SPACER: A Parallel Dataset of Speech Production And Comprehension of Error Repairs
Shiva Upadhye, Jiaxuan Li, Richard Futrell
TL;DR
SPACER provides a parallel dataset that links naturalistic speech errors and repairs in production with comprehension edits, enabling integrated study of error monitoring across both modalities. It combines Switchboard-derived single-word substitutions with a web-based correction task, yielding 1056 initial utterances (576 SC, 480 SU) and 5808 comprehender responses across 66 participants. Analyses reveal asymmetries: speakers tend to self-repair when semantic and phonemic deviations are large, whereas comprehenders tend to correct errors that are phonemically similar or contextually unsupported, suggesting complementary strategies. The dataset supports principled, computational investigations into rational-inference models of error correction and offers a resource to bridge production and comprehension research with broad applicability to language science.
Abstract
Speech errors are a natural part of communication, yet they rarely lead to complete communicative failure because both speakers and comprehenders can detect and correct errors. Although prior research has examined error monitoring and correction in production and comprehension separately, integrated investigation of both systems has been impeded by the scarcity of parallel data. In this study, we present SPACER, a parallel dataset that captures how naturalistic speech errors are corrected by both speakers and comprehenders.
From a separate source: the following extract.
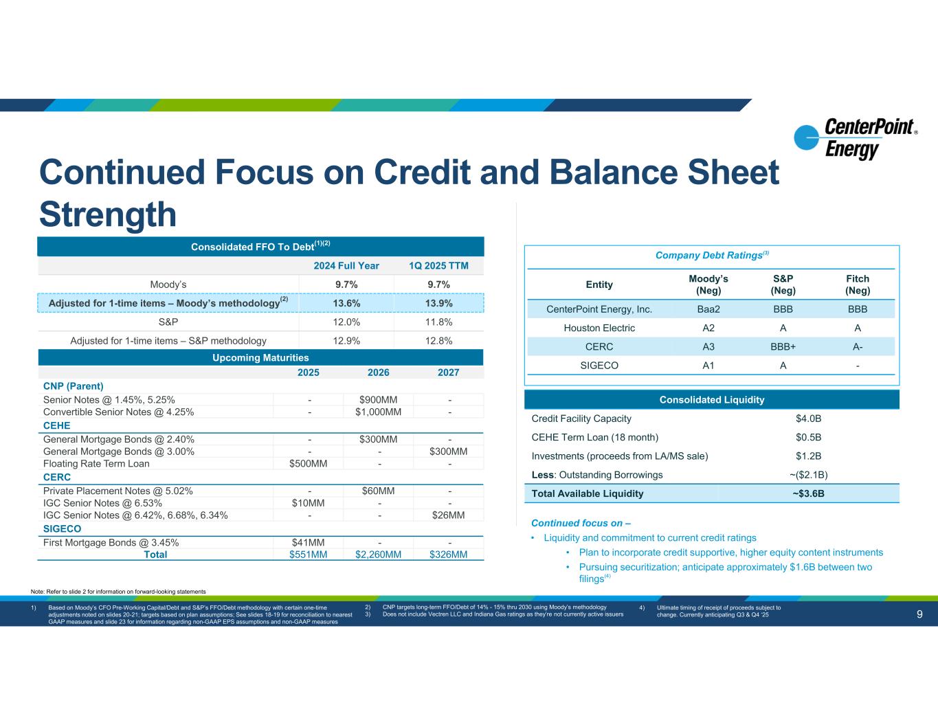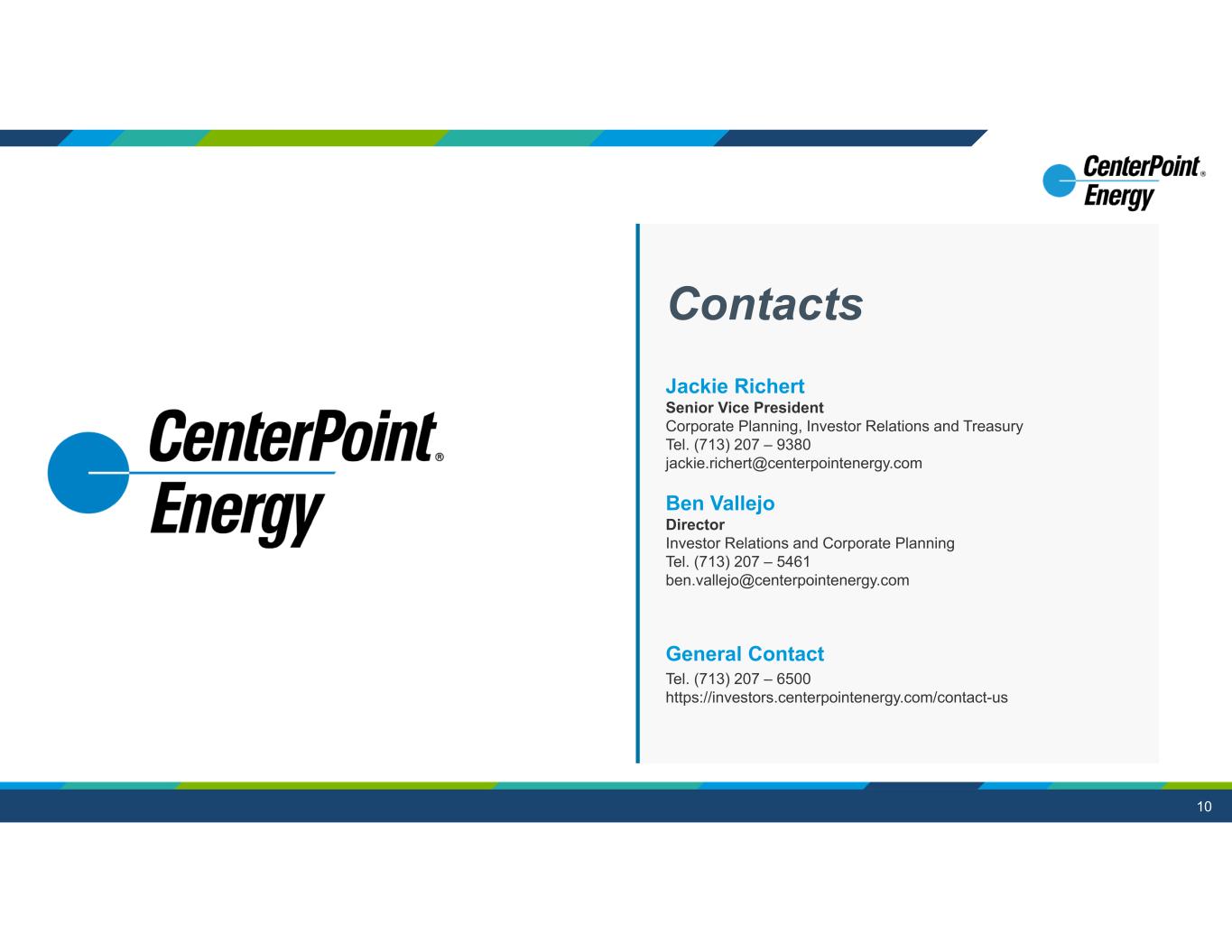 9 Fitch (Neg) S&P (Neg) Moody’s (Neg)Entity BBBBBBBaa2CenterPoint Energy, Inc. AAA2Houston Electric A-BBB+A3CERC -AA1SIGECO Company Debt Ratings(3) Consolidated FFO To Debt(1)(2) 1Q 2025 TTM2024 Full Year 9.7%9.7%Moody’s 13.9%13.6%Adjusted for 1-time items – Moody’s methodology(2) 11.8%12.0%S&P 12.8%12.9%Adjusted for 1-time items – S&P methodology Continued focus on – • Liquidity and commitment to current credit ratings • Plan to incorporate credit supportive, higher equity content instruments • Pursuing securitization; anticipate approximately $1.6B between two filings(4) Upcoming Maturities 202720262025 CNP (Parent) -$900MM-Senior Notes @ 1.45%, 5.25% -$1,000MM-Convertible Senior Notes @ 4.25% CEHE -$300MM-General Mortgage Bonds @ 2.40% $300MM--General Mortgage Bonds @ 3.00% --$500MMFloating Rate Term Loan CERC -$60MM-Private Placement Notes @ 5.02% --$10MMIGC Senior Notes @ 6.53% $26MM--IGC Senior Notes @ 6.42%, 6.68%, 6.34% SIGECO --$41MMFirst Mortgage Bonds @ 3.45% $326MM$2,260MM$551MMTotal Consolidated Liquidity $4.0BCredit Facility Capacity $0.5BCEHE Term Loan (18 month) $1.2BInvestments (proceeds from LA/MS sale) ~($2.1B)Less: Outstanding Borrowings ~$3.6BTotal Available Liquidity 1) Based on Moody’s CFO Pre-Working Capital/Debt and S&P’s FFO/Debt methodology with certain one-time adjustments noted on slides 20-21; targets based on plan assumptions; See slides 18-19 for reconciliation to nearest GAAP measures and slide 23 for information regarding non-GAAP EPS assumptions and non-GAAP measures 2) CNP targets long-term FFO/Debt of 14% - 15% thru 2030 using Moody’s methodology 3) Does not include Vectren LLC and Indiana Gas ratings as they’re not currently active issuers Note: Refer to slide 2 for information on forward-looking statements Continued Focus on Credit and Balance Sheet Strength 4) Ultimate timing of receipt of proceeds subject to change. Currently anticipating Q3 & Q4 ‘25

We focus on single-word substitution errors extracted from the Switchboard corpus, accompanied by speaker's self-repairs and comprehenders' responses from an offline text-editing experiment. Our exploratory analysis suggests asymmetries in error correction strategies: speakers are more likely to repair errors that introduce greater semantic and phonemic deviations, whereas comprehenders tend to correct errors that are phonemically similar to more plausible alternatives or do not fit into prior contexts. Our dataset enables future research on integrated approaches toward studying language production and comprehension.